IV I lay soaking in the bath.

But although my body was inert my thoughts were sweeping along at the speed of light because I knew that in Martin’s words, spoken in jest, there lay the truth which fitted all the baffling facts of Christian’s last months: I had finally realised that Christian’s bizarre behaviour could be explained as the run-up to a profound religious conversion.

I lay limply in the warm water while my brain charted his course with a cool, crisp logic. Christian had been brought up in a religious home by doting parents. Assuming he had had an affectionate relationship in the pre-Dido days with the father whom he resembled, I felt it was not unlikely that he would have considered following Dr Aysgarth into the Church, and this deduction was supported by Dr Aysgarth’s conviction that Christian had had a call to the priesthood which he had later rejected.

I now reviewed the circumstances which had triggered the rejection. The first Mrs Aysgarth had died; Christian had suffered such an emotional upheaval that he had wound up far off-course, and his father’s crass involvement with Dido had ensured that Christian had never recovered his spiritual bearings. That didn’t mean the call from God had ceased to exist. It merely meant that Christian had been too maimed to respond to it. Instead of responding, aiming to express the blueprint of his personality in a life which fulfilled all his God-given potential, he had turned aside, driven on by his erratic, damaged ego, and invested many years living what he had at last come to realise was an inauthentic existence, a life which divorced him from his true self. It would have been at this point that he would have become aware of the force pressing on his psyche, the force which wanted to unite him with his true self, the force which was the immanent God whose spark lay buried deep in his unconscious mind.

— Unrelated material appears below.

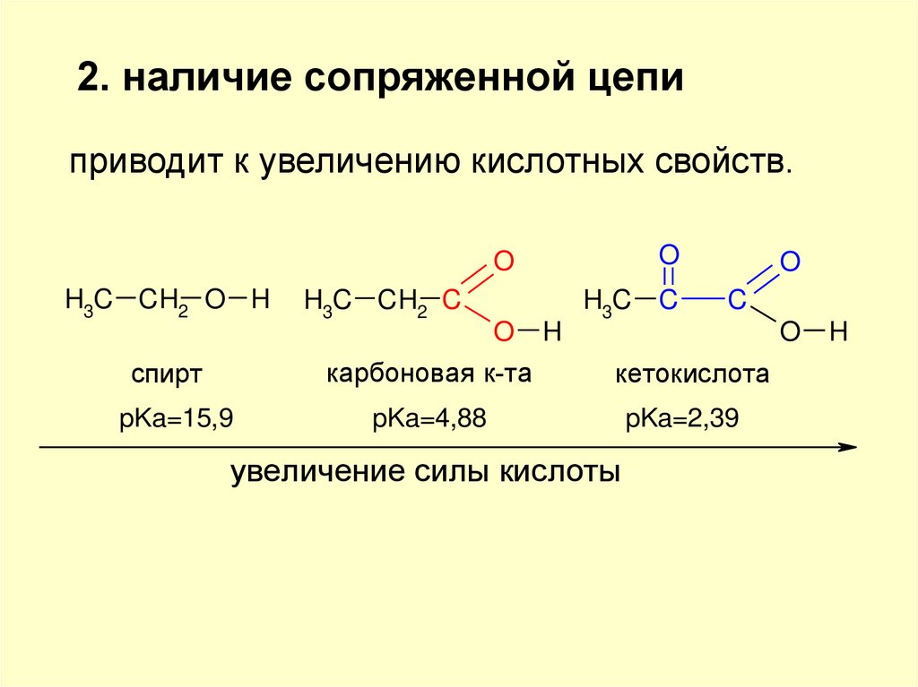 2. наличие сопряженной цепиприводит к увеличению кислотных свойств.

The unconscious mind is uncharted territory; we know it · exists but most of the time we only know a fraction of what goes on there and it takes a great deal of time and effort, as all psychoanalysts know, to try to discern more than this dimly glimpsed fragment. Yet when our conscious minds are troubled we know we must try to perceive this uncharted territory more clearly – and this axiom of modern psychology isn’t so innovative as most people think. The medieval mystics were well aware that the way to control the dark forces of the unconscious was to expose them to the light of knowledge; they knew as well as any modern psychoanalyst that the road to spiritualand emotional health begins with the task of knowing oneself – and knowing not just the ego but the inner self beyond.

‘Swink and sweat in all that thou canst and mayest,’ wrote the anonymous fourteenth-century author of the spiritual classic,
The Cloud of Unknowing,
‘for to get thee a true knowing and feeling of thyself as thou art. And then, I trow, soon after that thou wilt get thee a true knowing and feeling of God as He is.’

That writer certainly realised that the quest for God is a quest for psychic integration, a wholeness which allows the ego to be subjugated, the true self to triumph and the entire personality, conscious and unconscious, to be open to and at one with God’s will and God’s love. This wholeness, as I had tried to explain without success to Norman, was the unique feature of Jesus Christ. He had achieved perfect integration, something not possible in this world for human beings doomed to be imperfect; all we can do on this side of the grave is embark on that road to fulfilment and hope to travel as far as possible, but Jesus had already arrived. He was all-of-a-piece. His psyche was entirely harmonised, the ego seamlessly interwoven with his inner self. He was, as the religious language puts it, ‘wholly at one with the Father.’